8.Paragraf yang baik memiliki tiga syarat utama yakni kohesi, koherensi, dan kelengkapan. Jelaskan ketiga syarat tersebut dan deskripsikan piranti kohesi yang biasa digunakan dalam pengembangan pararagraf!
Tiga syarat paragraf yang baik adalah:
1)koherensi
Setiap paragraf haruslah merupakan kumpulan kalimat yang saling berhubungan padu, tidak berdiri-sendiri atau terlepas satu sama lain.
2)kelengkapan
Paragraf dikatakan lengkap jika berisi kalimat-kalimat penjelas yang cukup menunjang kejelasan kalimat topik dan dikatakan tidak lengkap apabila tidak dikembangkan atau hanya diperluas dengan pengulangan- pengulangan.
3)kohesi
Keserasian hubungan antara unsur yang satu dengan unsur yang lain dalam wacana sehingga terciptalah pengertian yang baik atau koheren.
Agar kalimat itu menjadi kohesif diperlukan adanya piranti kohesi sabagai berikut.
a.Hubungan sebab-akibat baik antarklausa maupun anatar kalimat yang dinyatakan dengan kata penghubung sebab, karena, akibat dan lain-lain;
b.Hubungan pertentangan yang dinyatakan dengan kata penghubung tetapi, namun, sedangkan;
c.Hubungan pengutamaan yang dinyatakan dengan kata penghubung bahkan;
d.Hubungan perkecualian yang dinyatakan dengan kata penghubung kecuali;
e.Hubungan konsesif yang dinyatakan dengan kata penghubung walaupun, meskipun;
f.Hubungan tujuan yang dinyatakan dengan kata penghubung agar, supaya;
g.Hubungan persesuaian alami yang dinyatakan dengan hubungan yang bersifat gramatikal.
Kesemua unsur ini akan membentuk sebuah paragraf yang baik dan padu.
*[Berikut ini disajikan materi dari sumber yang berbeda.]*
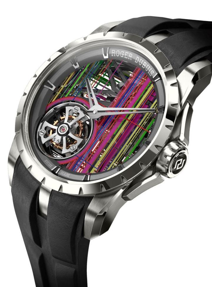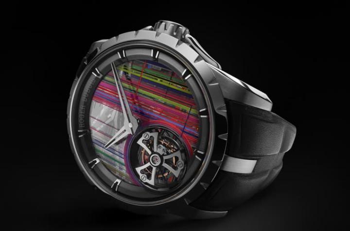 为了将刘韡画作特色搬上手表舞台,罗杰杜彼简单透过三层结构来容纳精密机械结构与艺术家的灵性笔触。首先第一层便是面盘的蓝宝石水晶,品牌在面盘正反面都刻上纵横交错的线条,接着还要用各式各样的彩色颜料替这些粗细不一的线条上色,别看手表七彩缤纷美不胜收,实际上制作过程没有想像中容易,为了要避免颜色与颜色间混合,在替面盘正反面上色时,都需要等前一道线条颜料干燥后才能进行下一道线条的彩绘工作。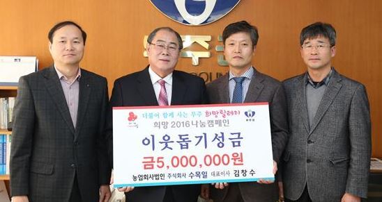 농업회사 법인 주식회사 수목일(펠릿공장 위탁업체) 김창수 대표도 500만 원을 무주군 측에 전달해 왔다.

9.Jelaskan problema semantik dalam pembelajaran Bahasa Indonesia di sekolah Saudara!

Problema semantik yang sering dijumpai di sekolah kami antara lain :
1.Adanya pengaruh kuat yang negatif dari media elektronik dalam mengunakan dan memaknai kata ganti ’kami’ dan ’kita’ dalam percakapan sehari-hari.
2. Adanya kata-kata yang sama dalam bahasa Indonesia dan bahasa daerah/Sunda, tetapi maknanya berbeda.
Contoh : amis, paling, papah, pisang, dan suku.
3. Adanya kesulitan pada anak ketika dihadapkan pada pembelajaran makna denotasi dan konotasi dalam frasa.
Contoh : kambing hitam, lintah darat, dukun beranak, dan timah panas.
4. Adanya penulisan kalimat yang ambigu dalam karang-mengarang.
Contoh : Ditangkap dua orang pencuri di kampung kami.
5. Adanya kesulitan siswa dalam mencari dan memahami makna kata-kata baku yang masih asing di telinga siswa.
Contoh : senyampang dan madani
6. Adanya kesulitan siswa dalam memahami makna kata-kata serapan dari bahasa asing.
Contoh : diversifikasi, intensifikasi, dan determinasi.
7. Adanya ketumpangtindihan penggunaan kata ’jam’ dan ’pukul’, ’tiap-tiap’ dan ’masing-masing’.
8. Adanya kesulitan siswa dalam memahami makna diksi dalam karya sastra.